Not everyone agrees. But this is one instance where it makes perfect sense to err on the side of caution by assuming that the capacity for pain develops earlier rather than later--just as surgeons do when they operate on fetuses, something typically done as early as 20 weeks.
Why is it controversial to suggest that a woman may benefit from having sound information about her fetus? No one objects to laws against cruelty to animals. There, we figure, the least we can do is minimize the pain inflicted on a helpless creature. Even if a fetus has no rights of its own, what's the harm in confronting its capacity to suffer?
The answer is simple. Abortion-rights advocates know this measure would not impede any woman who wants an abortion. But the bill does something that they understand is terribly dangerous to their cause: It recognizes that the "choice" to have an abortion involves not only a woman and her doctor, but also the fetus--a living entity with unmistakable human characteristics. And that way lies trouble.
Gloria Feldt, president of Planned Parenthood Federation of America, the nation's biggest abortion provider, accuses supporters of "trying to elevate the status of the fetus above that of the woman." But it doesn't elevate dogs above people to say that canines may not be destroyed in an inhumane manner.
Planned Parenthood's problem is that the bill gives the fetus any consideration at all, because it reminds people that abortion is not just another medical procedure. Abortion-rights supporters know the real reason many Americans have reservations about abortion is not that they want to force women into traditional roles, deny them choices or stamp out birth control. It's because they think killing a fetus is uncomfortably close to killing an infant. Talk about fetuses experiencing pain only encourages that sort of thinking, and there is no telling where it might lead.
The Religious Coalition for Reproductive Choice says the bill "second-guesses the intelligence and moral integrity of women." But in a recent poll by Zogby International that asked Americans whether they favor a law "requiring that women who are 20 weeks or more along in their pregnancy be given information about fetal pain before having an abortion," 75 percent of the men said yes--along with 78 percent of the women. Most women don't regard medical information as a personal affront.

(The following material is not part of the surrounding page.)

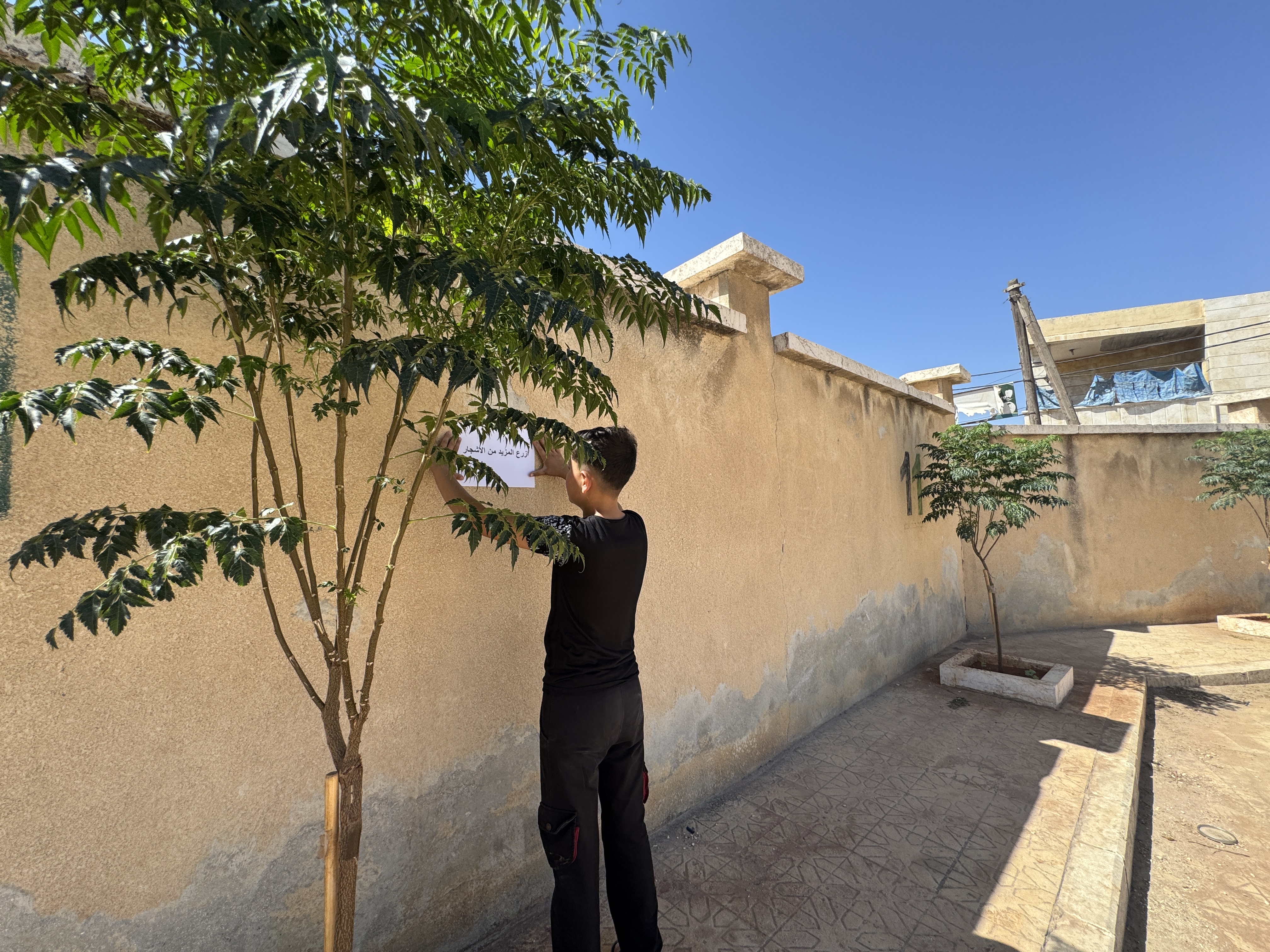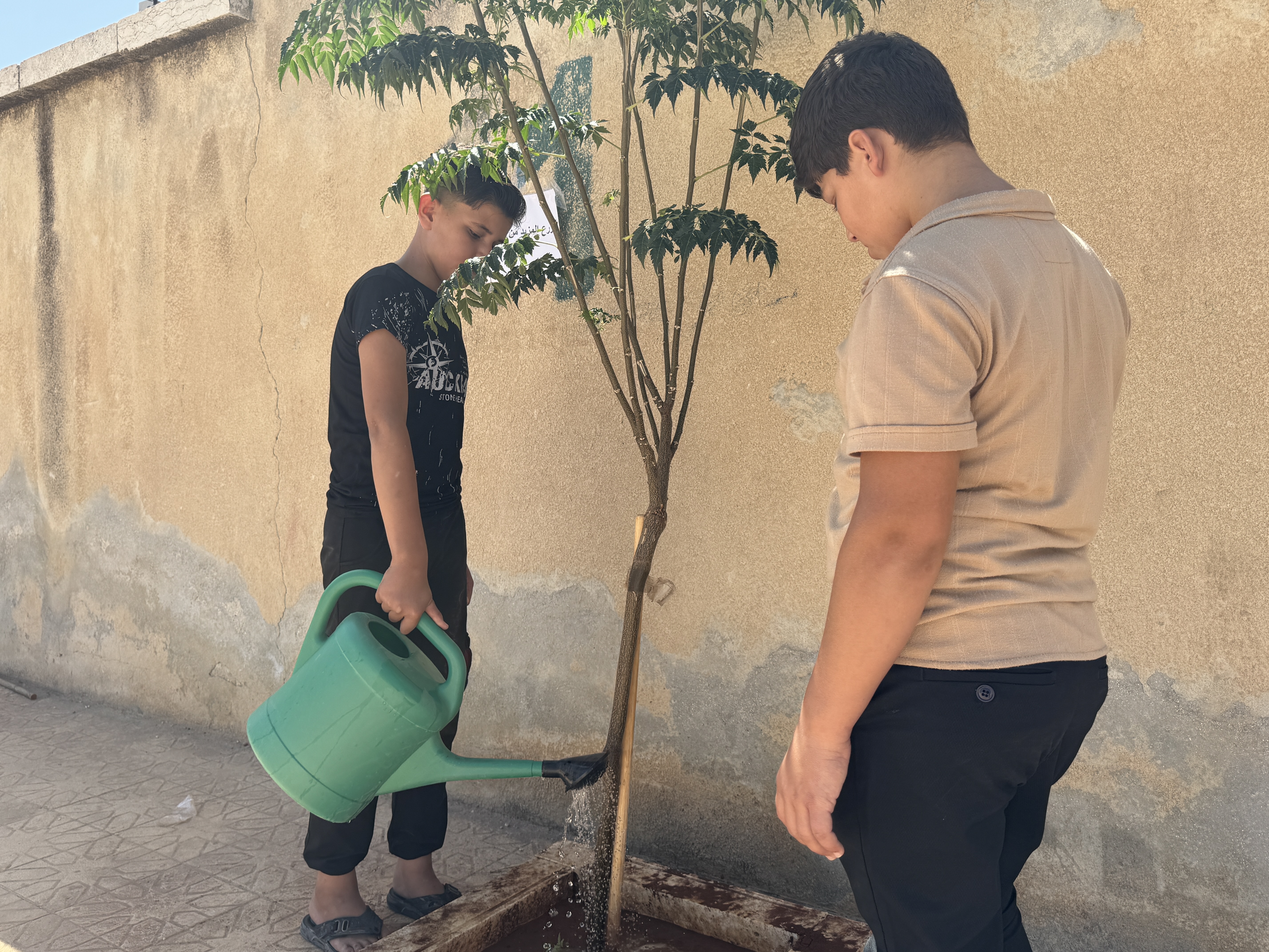 With a renewed sense of purpose, Youssef eagerly joined the tree-planting activities organized by World Vision Syria Response. Alongside his friends, he planted young saplings in the schoolyard, caring for them each day—watering, loosening the soil, and keeping the area clean. To Youssef, these trees were more than just greenery; they were a living shield against desertification and climate change.

(Excerpt) Read more at chicagotribune.com ...
Or maybe it doesn't surprise you. Maybe it seems obvious that fetuses can feel pain long before they emerge into the world. But some people wish you wouldn't think about that fact.
Every women contemplating an abortion should have to sign a disclaimer acknowledging the suffering her unborn baby will endure.
Progress
This article appeared in the Chicago Tribune? Amazing.
Brownback is our Kansas Senator. Kansas also has killer Tiller, whose method of choice for late trem abortions is to stick a needle into the heart of a fetus and inject a drug which causes a heart attack. painful?
once again, the left trying desperately to censor.
"NO! Don't give that woman INFORMATION!!!!"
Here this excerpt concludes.